In questo studio abbiamo analizzato:

  • La crescita Professionale dei Tecnici Sanitari di Radiologia Medica.
  • Chi sono i professionisti(attori) che concorrono a Prestazione Radiologica.
  • Gli ultimi aspetti medico-legali della riforma della responsabilità sanitaria.
  • La Prevenzione Organizzativa e le criticità-Management Risk.

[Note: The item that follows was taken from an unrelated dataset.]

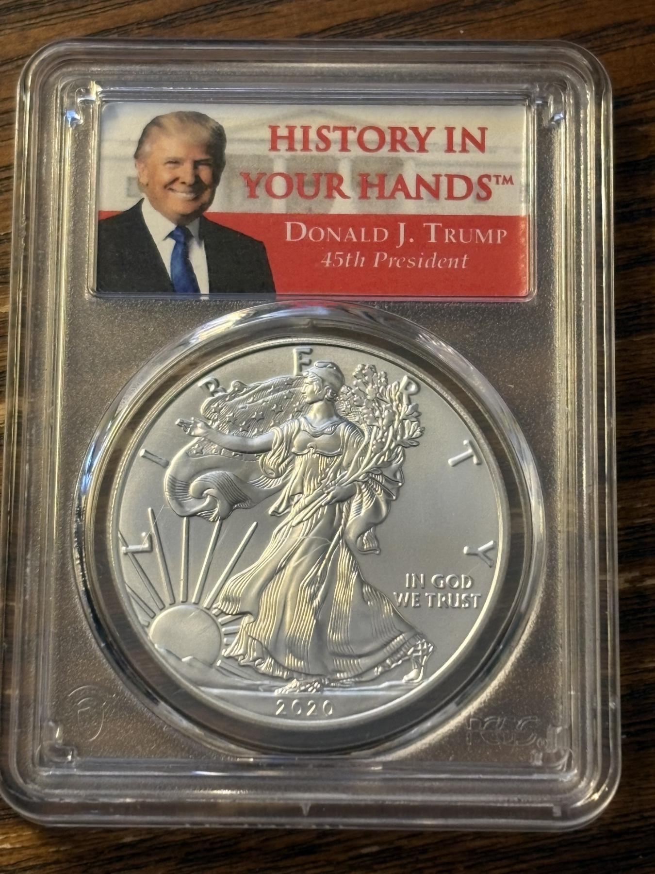 2020 PCGS MS70 Silver Eagle - 1 Oz. Fine Silver -- FV $1.00 - In PCGS Trump Coin Holder - History in Your Hands - Donald J. Trump - 45th President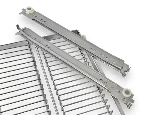 Hochwertig verarbeiteter DVD-Boden, aus Metall, verchromt, ausziehbar für 80 DVDs.

La figura professionale di un Tecnico Sanitario di Radiologia Medica è la più affascinante ecomplessa tra le figure presenti nel Sistema Sanitario Nazionale Italiano. Figura Professionale che spesso collabora con altre figure di alta professionalità; Medici Radiologi, Cardiologi, Radiologi di Medicina Nucleare, Medici ortopedici di Sala Operatoria e Chirurgica, infermieri professionali, anteponendo in ogni situazione il benessere del paziente/utente. Abbiamo dimostrato con gli anni di essere una categoria con un percorso Formativo Professionale Universitario: laurea triennale, master di primo e secondo livello, percorsi di studi Universitari ormai quinquennali possono aiutarci ad affrontare le criticità che si presentano. Purtroppo le criticità possono non dipendere dalla preparazione del collega operante ma da criteri organizzativi sia di competenza del Coordinatore che del Direttore di Struttura o addirittura della Dirigenza Generale. Esse possono verificarsi per la mancanza di formazione continua (lifelong learning), per   apparecchiature obsolete, per sistemi software non appropriati alle necessità operative, sistemi di fornitura elettrica non adeguati alle necessità Ospedaliere e moltissime altre criticità. Tutte queste criticità devono essere valutate e prese in seria considerazione affinché si possa prevenirle. Il superamento delle criticità può avvenire con riunioni tra responsabili e personale operante per capire effettivamente come affrontarle in maniera pratica ed efficace. La carta ei servizi rappresenta una sorta di patto con i cittadini in quanto prevede il raggiungimento di obbiettivi e standard di qualità nell’ottica di un miglioramento continuo, DPCM 19 maggio 1995. Ormai quello che conta nell’Aziende Sanitarie e specialmente nei Servizi sono i numeri di esami che si effettuano, tale a determinare una contabilità economica-patrimoniale, questo cozza con la sicurezza del paziente, poiché la quantità va a discapito della qualità.

References

  1. Gazzetta Ufficiale del 1° agosto 2000 n.251.
  2. Gazzetta Ufficiale del 1 febbraio 2006,n.43.
  3. Franco Angeli “Management Sanitario”.
  4. Decreto balduzzi DL 158\12
  5. Legge Gelli 08\03\2017
  6. Ministero della Salute,Risk Management in sanità. Il problema degli errori,Commissione tecnica sul Rischio,Ministero della Salute,Roma.